С отъездом Веры Райского охватил ужас одиночества. Он
чувствовал себя сиротой, как будто целый мир опустел, и он
очутился в какой-то бесплодной пустыне,
не замечая, что эта пустыня вся в зелени, в цветах, не чувствуя,
что его лелеет и греет природа, блистающая лучшей, жаркой порой
лета.
Домовитость Татьяны Марковны и порханье Марфиньки, ее пение,
живая болтовня с веселым, бодрым, скачущим Викентьевым, иногда
приезд гостей, появление карикатурной Полины Карповны, бурливого
Опенкина, визиты хорошо одетых и причесанных барынь, молодых
щеголей — он не замечал ничего.
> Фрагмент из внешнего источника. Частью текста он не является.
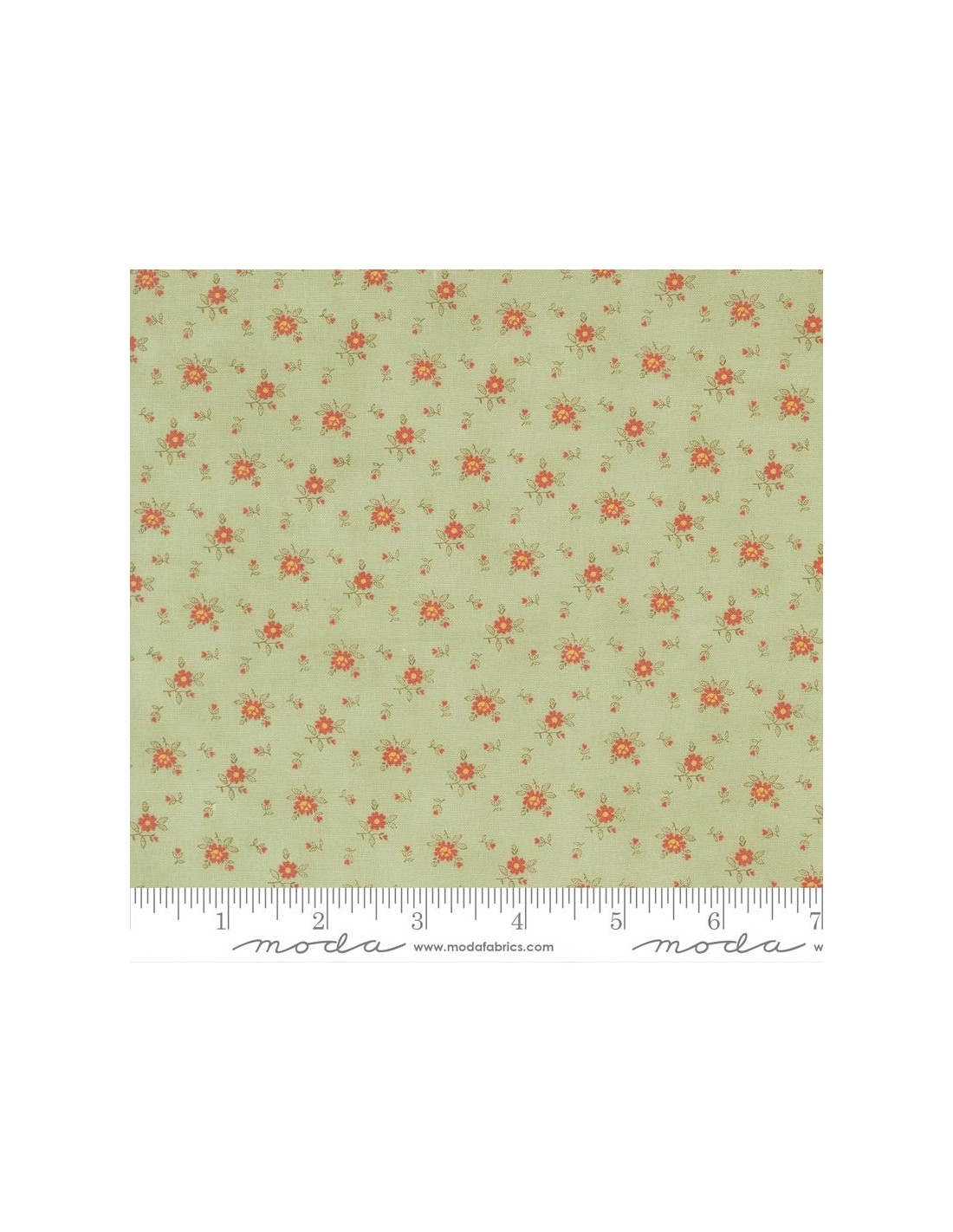 Una tela suave y delicada de la colección Ambiance, diseñada por 3 Sisters. Presenta un estampado de pequeñas florecitas en tonos coral y amarillo, acompañadas de hojitas finas en verde oliva sobre un fondo verde suave. Su diseño es sutil, equilibrado y perfecto para aportar un toque romántico, clásico y muy femenino a tus proyectos.

Ни весело, ни скучно, ни тепло,
ни холодно ему было от всех этих лиц и явлений.
Он видел только одно, что лиловая занавеска не колышется, что
сторы спущены в окнах, что любимая скамья стоит пустая, что нет
Веры — и как будто ничего и никого нет: точно весь дом, вся
окрестность вымерли.
Он не хотел любить Веру, да и нельзя, если б хотел: у него
отняты все права, все надежды. Ее нежнейшая мольба, обращенная к
нему, — была — «уехать поскорей», а он был занят, полон ею,
одною ею, и ничем больше!
Даже красота ее, кажется, потеряла свою силу над ним; его влекла
к ней какая-то другая сила. Он чувствовал, что связан с ней, не
теплыми и многообещающими надеждами, не трепетом нерв, а
какою-то враждебною, разжигающею мозг болью, какими-то
посторонними, даже противоречащими любви связями.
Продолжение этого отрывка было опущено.